# check out my b13...what do you think?



## se_nismo (Sep 17, 2002)




----------



## PrOxLaMuS© (Aug 11, 2002)

I can't see the pic.... got a link or something?


----------



## Fast91SER (Jul 2, 2002)




----------



## Javon (Oct 12, 2002)

*My SE-R 93'*


















What do you think? Tight or Not? Is the white on white aight though?


----------



## whiteb14 (Jul 7, 2002)

*NICE*

i think its looks great.... clean and simple. same look i got on my b14


----------



## nstalr01 (Jul 21, 2002)

the clean and simple route looks good but i like to make things difficult check it out http://members.cardomain.com/greenb13
the civic bumper looks like it is supposed to be there


----------



## Javon (Oct 12, 2002)

*another pic*


----------



## Javon (Oct 12, 2002)

nstalr01 said:


> *the clean and simple route looks good but i like to make things difficult check it out http://members.cardomain.com/greenb13
> the civic bumper looks like it is supposed to be there *


hey I want to see what you are talking about but I can't get to that site for some reason. Every time that I click on the link nothing happens. Can you post the pic or email it to me.
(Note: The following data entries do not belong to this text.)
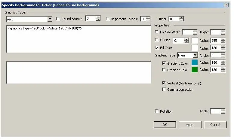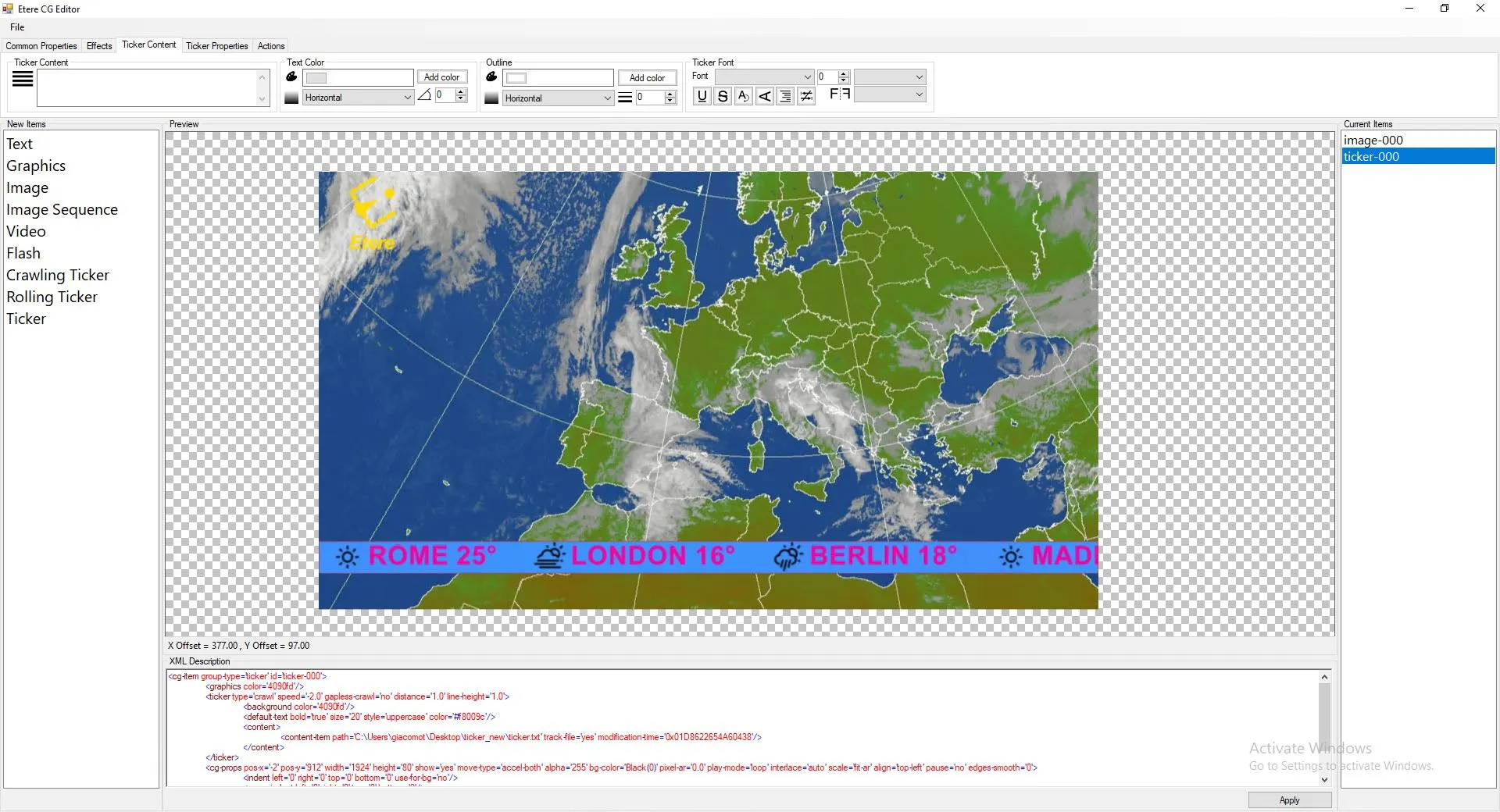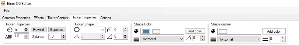 Edit and specify the ticker background (optional); you can edit the ticker background and properties later in ETX CG Editor.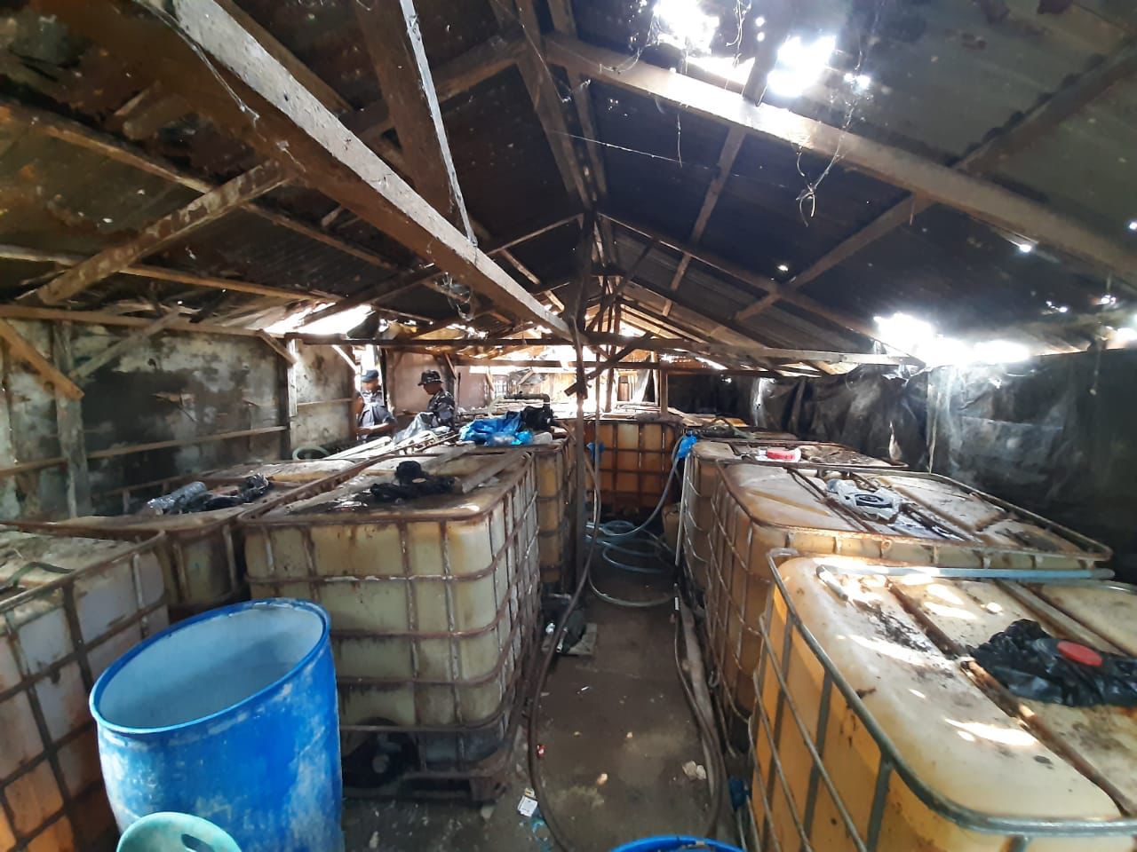 Adapun barang bukti yang ditemukan di dalam gudang penampungan yang berbentuk gubuk, yaitu tanki plastik ukuran 1 Ton dengan jumlah 30 buah, dengan rincian 29 tanki berisi masing-masing 1 ton Avtur dan 1 tanki kosong, serta 2 buah drum plastik yang masing-masing terisi +/- 220 liter Avtur. Sehingga Avtur yang berhasil diamankan total berjumlah 29.440 liter atau 29,44 Ton.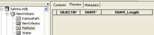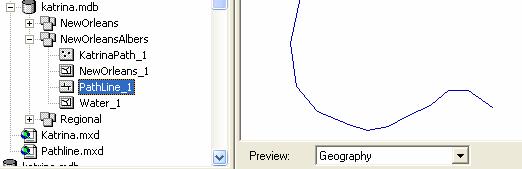 Navigate to the Katrina.mdb geodatabase and click to open it and its two feature datasets, as shown below.   In the Preview window, select the Preview tab at the top and KatrinaPath as the feature class, to create the display shown below: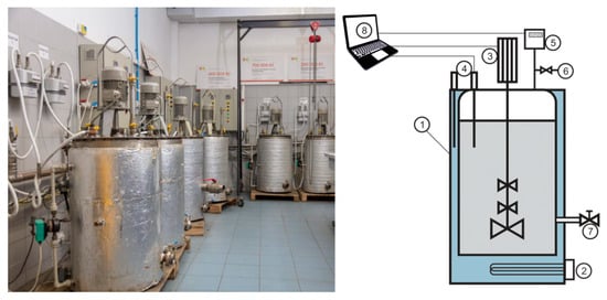In the first day (day 0) of experiments, all fermenters were filled up with 50 L of inoculum (sludge from anaerobic stabilization) and 50 L of primary sludge, as a source of nutrients. Sludge samples were collected at wastewater treatment plant 513,000 PE, Modřice, Czech Republic. WWTP Modřice anaerobic sewage sludge stabilization is operated at mesophilic temperature (34 °C). Anaerobic sewage sludge mixture characteristics were pH = 7.2, dry matter (DM) content 2.64% and organic dry matter (oDM) content 56.90%. Before the biomethanation assay starts, the fermenters were tempered to the desired temperature. Fermenters No. 1, 2 (60 °C ± 0.5 °C), fermenters No. 3, 4 (50 ± 0.5 °C), fermenters No. 5, 6 (40 ± 0.5 °C), fermenter No. 7 and 8 (20 ± 0.5 °C). The retention time (RT) was 21 days, and the low-speed agitator was operated at 60 rpm with 1 minute agitation time alternated with 60 minutes of resting time. During the biomethanation assay quality of the biogas was determined daily using Dräger X-am 5600 gas analyzer (Drägerwerk AG & Co. KGaA, Lübeck, Germany). The concentration of CH4, CO2, H2S and H2 in the produced biogas was measured. The accuracy of the gas analyzer was checked daily by calibration gas mixture 60% CH4/40% CO2 (Drägerwerk AG & Co. KGaA, Lübeck, Germany). Quantity of biogas produced was measured by the gasometer PREMGAS BK G4 (Elster, Lotte, Germany) and calculated to standard conditions (T0 = 273.15 K and p0 = 101,325 Pa).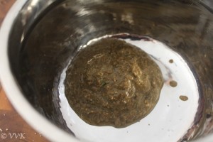 - Drain and grind them into a smooth paste with turmeric powder, tamarind paste, and ¼ cup of water.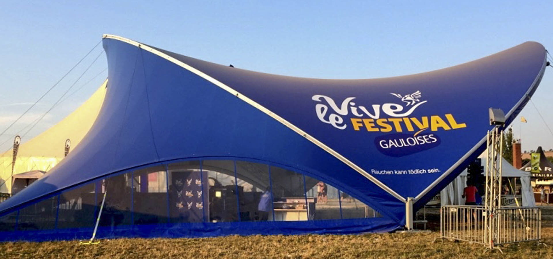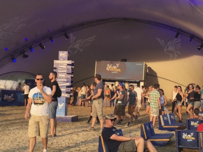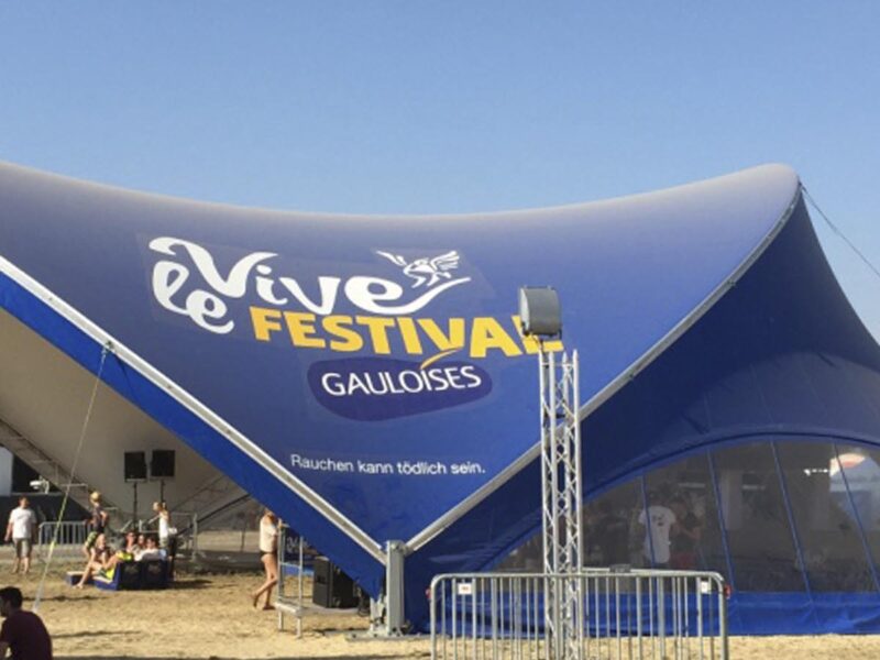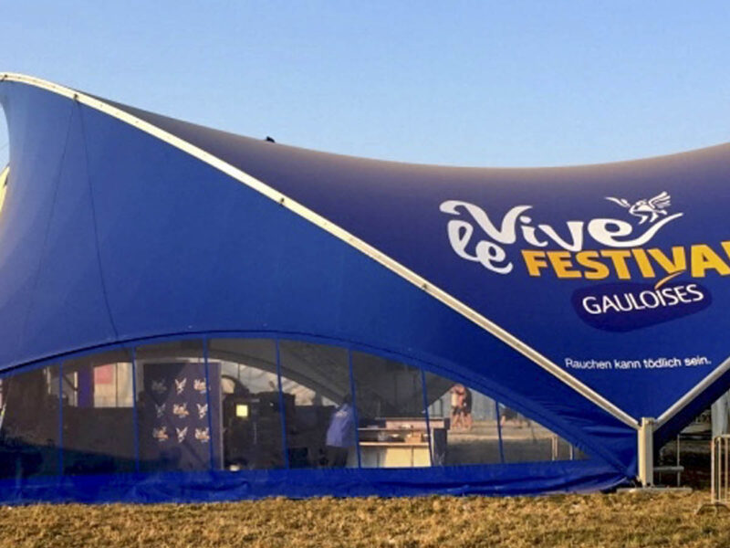 This year we were once again able to provide eye-catching and successful brand appearances at festivals with our tents. With the two sizes 18×21 and 10×12, we equipped six festivals throughout Germany. Two completely new tent membranes were printed in the brand’s own colors and with the brand logo. For our two branded tents, we also supplied the lighting, sound and stage technology.

The clean and simple look is what I was aiming for. Next week I am going to put on the New SpecV SE-R emblems on it. Not the specv emblems but the new style SE-R emblems. I think that will top it off for the moment.


----------



## MP2050 (May 1, 2002)

Damn I miss my white on white sometimes....well at least those style rims shouldnt be too hard to clean my white rims were a pain in the ass....


----------



## nstalr01 (Jul 21, 2002)

go to cardomain.com click nissan then sentra then go down the list until you see "slighty custom sentra" i think its between 61-80 not sure


----------